Virtual reality — a staple of video games and Hollywood films — is moving closer to retail business deployment.
And when that days arrives, a Las Vegas trade show will have played an important role.
Meet Mary Spio, president of Next Galaxy Corp. She was named — along with Oprah Winfrey and LeBron James — as among the History Makers in the Making by NBC News and Grio. Spio started her career as a deep-space engineer, working with companies such as Boeing, Digital Cinema, Intelsat and Aerospace Corp. developing technologies that have changed media and communications.
Now Next Galaxy is planning to shape the way we sell products and shop.
The system works by locating a Virtual Reality website on a smartphone and then connecting that smartphone to a virtual reality headset. Once the headset is activated, the wearer is transported to a three-dimensional world complete with what they call 360 spatialized audio that enables listeners to perceive sounds within a complete spherical soundscape. The complete virtual reality headset sells for less than $200.
The logical first step for this technology is video games and entertainment. Next Galaxy is working with concert promoters to film events with multiple cameras that will allow the viewer to see performances just as if you had front row tickets, or from the stage perspective just as if you were part of the show.
For retail businesses, this technology is bringing customers inside the store to view inventory that is on the shelf, just as if the customer were standing in front of the display. The only things they can’t do is touch or grasp the item.
Richline Group, a Berkshire Hathaway subsidiary, used Next Galaxy to develop a virtual reality presentation during the annual JCK jewelry convention here in Las Vegas. Conventioneers were able to see high-resolution 3-D images of each jewelry piece in the collection from every angle possible.
That experiment has led Berkshire Hathaway to consider using virtual reality in its real estate division as well. In fact, Next Galaxy is working with several prominent real estate companies to develop a way to virtually show each of the homes they list.
There are two ways to capture virtual reality images. The first and least expensive is by using a 360-degree camera. The drawback to this technology is that the viewer is walked through a structure such as a home for sale based upon the path that the photographer took when filming. The viewer can still stop and turn 360 degrees in each room, just as if they were standing in the middle. Audio can be added to narrate the tour. The cost for this type of product would start at $5,000.
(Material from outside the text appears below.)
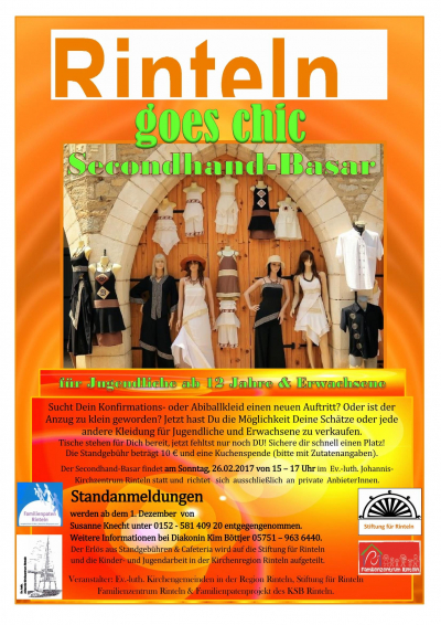 Hängt das alte Konfirmations- oder Abiballkleid im Schrank und staubt ein? Oder ist der Anzug zu klein geworden? Diese Festtagskleidung oder andere elegante Garderobe für Jugendliche und Erwachsene kann auf dem Secondhand-Basar am Sonntag, 26. Februar 2017 von 15 bis 17 Uhr im Ev.-luth. Johannis-Kirchzentrum Rinteln verkauft werden.

More advanced filming comes with 3-D stereoscopic video. This technology lets viewers control their own movements. With this technology, viewers can randomly move from one room to another or walk closer to features such as countertops and fireplaces for close-up inspection. The 3-D stereoscopic technology uses laser technology to decipher distance and angles. This flexibility carries a heftier price, starting around $15,000.
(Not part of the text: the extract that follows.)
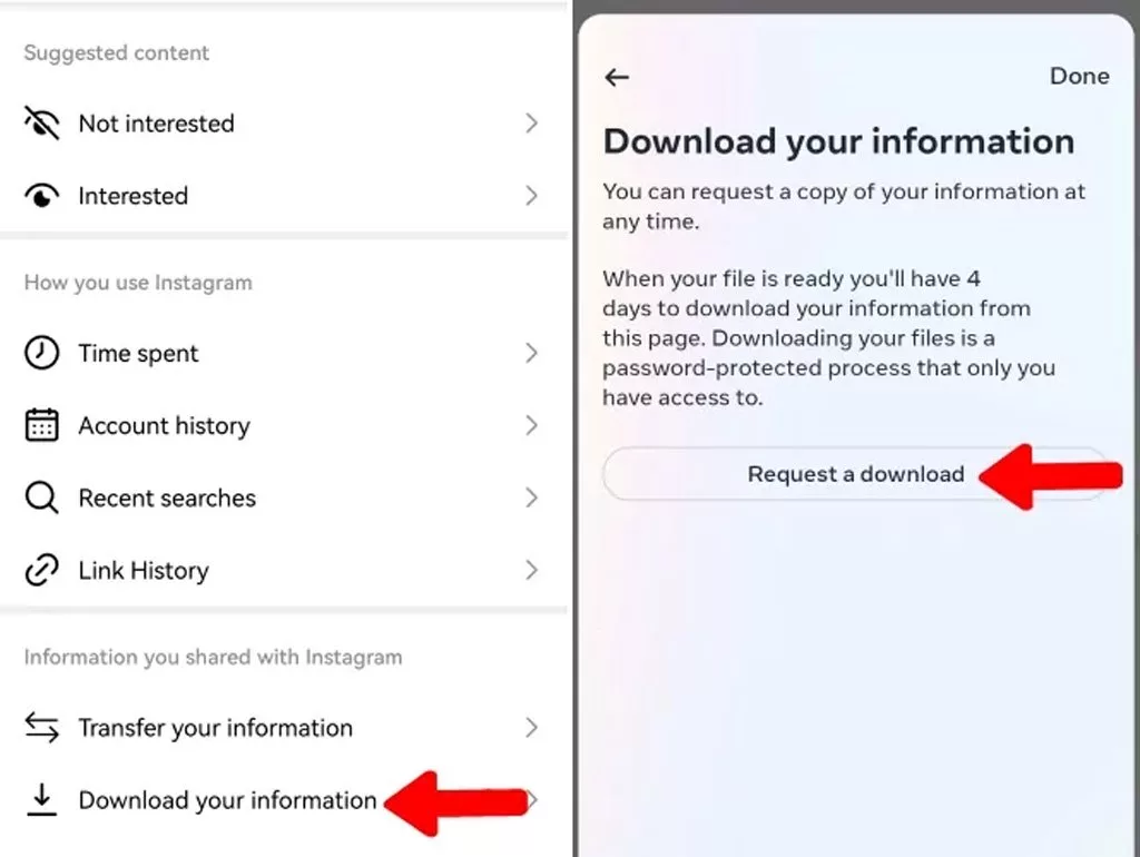 مِتا (فیسبوک اسبق) راهکاری رسمی برای دیدن مطلب های حذف شده اینستاگرام پیشروی کاربران این شبکه اجتماعی قرار نداده است؛ اما ترفندهایی برای دستیابی به این مقصد وجود دارند. برای مثال میتوان خواست دانلود دادههای اینستاگرام را به ثبت رساند که طبق معمولً برخی از مطلبهای قبل درون آن وجود دارد. این چنین روشهای فرد دیگر همانند پشتیبانیگرفتن از نوتیفیکیشن هیستوری نیز وجود دارد که در قسمتهای بعدی به آنها خواهیم پرداخت.

Spio said, “The difference between VR and normal video is that we have been looking through a straw. Now you remove the straw and you have full center and peripheral vision just as if you were actually standing in the room.
“This technology is ideal for companies with clients that are located in different countries or parts of the U.S.; they can view your entire real estate inventory from the convenience of their home.”
The technology is useful for resort condominium projects as each floor plan can be viewed from anywhere in the world.
Businesses probably won’t jump on the virtual reality bandwagon to display low-end products. But with advancing technology and declining costs, virtual reality may be the normal reality for entire catalog collections in a few short years.